Algeria–Mali relations refers to bilateral relations between Algeria and Mali. Algeria maintains an embassy in Bamako and a consulate in Gao, while Mali has an embassy in Algiers.

The relationship between two countries, once former colonies of France, both share the Sahel desert as border, and also having a very long border, has made the relationship become a major obstacle for both two neighboring states. As two majority Sunni Muslim countries, recent instability in Mali, notably the Azawad of the Tuareg people has poured a large presence of al-Qaeda in the Islamic Maghreb and it has pushes Algeria into a difficult situation. To retaliate, Algeria fortified their border and deployed more troops to secure the border with Mali. The fear of growing militants from Mali brings Algeria and the United States to discuss on how to curb their extremist actions.

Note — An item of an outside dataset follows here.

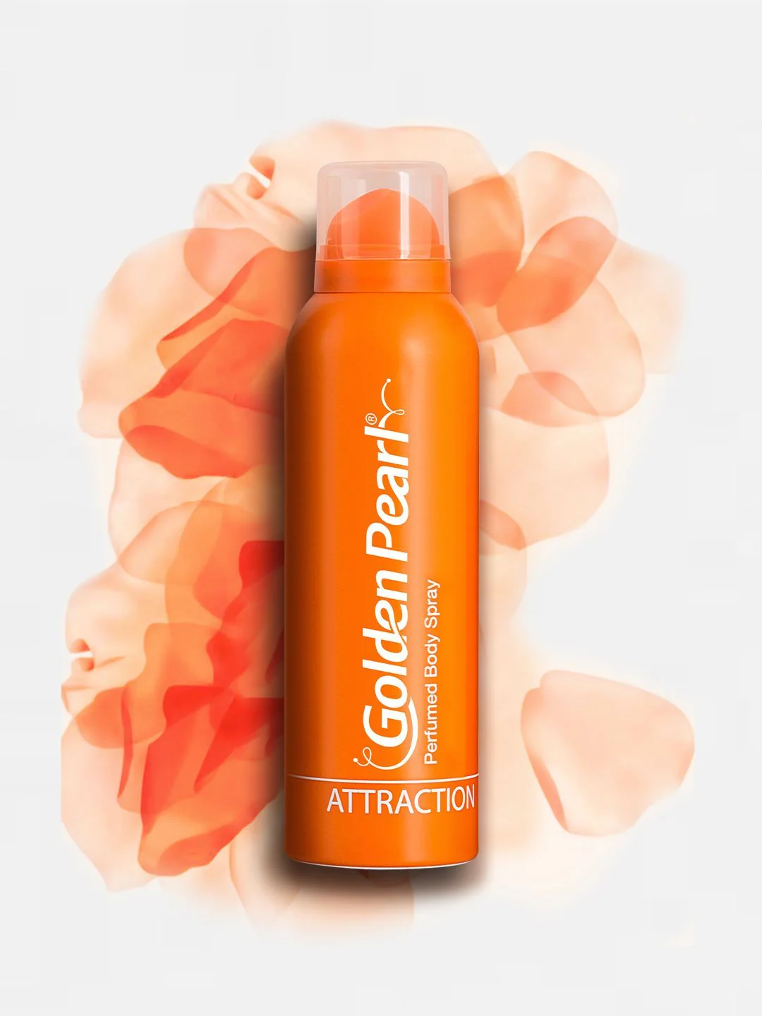 Indulge in the captivating scent of the Golden Pearl Attraction Body Spray. Let your natural beauty shine through with this irresistible fragrance.

Algeria and Mali have been going further to diversify economic cooperation. Algeria has been a major investor to Mali, economically due to Algeria's economic progress and lesser poverty comparing to Mali.

Migration
Malian immigrants has formed at least 1% of Algerian population, and most live in coastal cities such as Oran, Constantine and Algiers, although Malians sometimes live in the South, notably in Tamanrasset and Adrar Provinces.

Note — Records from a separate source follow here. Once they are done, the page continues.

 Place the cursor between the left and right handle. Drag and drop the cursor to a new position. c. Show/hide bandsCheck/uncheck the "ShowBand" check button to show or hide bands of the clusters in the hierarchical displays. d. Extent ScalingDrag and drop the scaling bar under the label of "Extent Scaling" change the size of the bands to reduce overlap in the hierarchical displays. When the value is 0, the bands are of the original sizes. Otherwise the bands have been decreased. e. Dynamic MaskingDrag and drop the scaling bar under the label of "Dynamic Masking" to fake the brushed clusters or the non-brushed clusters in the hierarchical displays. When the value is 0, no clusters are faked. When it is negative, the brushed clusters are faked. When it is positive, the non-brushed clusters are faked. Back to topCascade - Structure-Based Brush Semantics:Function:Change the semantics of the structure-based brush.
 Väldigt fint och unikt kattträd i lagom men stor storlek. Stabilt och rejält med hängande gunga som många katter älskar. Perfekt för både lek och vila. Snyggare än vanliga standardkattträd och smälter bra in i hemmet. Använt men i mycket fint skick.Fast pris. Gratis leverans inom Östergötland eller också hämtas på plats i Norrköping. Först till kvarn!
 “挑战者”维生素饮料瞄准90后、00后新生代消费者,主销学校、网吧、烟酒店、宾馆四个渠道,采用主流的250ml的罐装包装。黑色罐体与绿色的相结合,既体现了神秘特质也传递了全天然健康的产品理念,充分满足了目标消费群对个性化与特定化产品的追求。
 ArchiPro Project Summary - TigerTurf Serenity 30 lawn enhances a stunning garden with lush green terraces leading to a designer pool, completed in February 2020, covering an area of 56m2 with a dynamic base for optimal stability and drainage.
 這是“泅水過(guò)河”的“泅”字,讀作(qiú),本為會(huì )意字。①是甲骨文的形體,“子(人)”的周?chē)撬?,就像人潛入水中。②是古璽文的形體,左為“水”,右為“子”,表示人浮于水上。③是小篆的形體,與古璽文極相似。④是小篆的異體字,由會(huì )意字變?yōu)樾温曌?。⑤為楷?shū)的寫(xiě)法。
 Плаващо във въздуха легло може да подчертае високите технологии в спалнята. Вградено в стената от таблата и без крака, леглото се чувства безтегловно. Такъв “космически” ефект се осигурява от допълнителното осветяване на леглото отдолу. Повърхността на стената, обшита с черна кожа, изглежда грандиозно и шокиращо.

2012 seizure of Algerian consulate
During the Tuareg rebellion of 2012, the Algerian consulate was seized by at least two people wearing explosives belts. Seven hostages were taken, including the consul. In regards to Azawad's UDI, Algeria's Prime Minister has declared it would never "accept questioning Mali's territorial integrity" Algeria has planned to co-ordinate with MNLA to work towards freeing the hostages.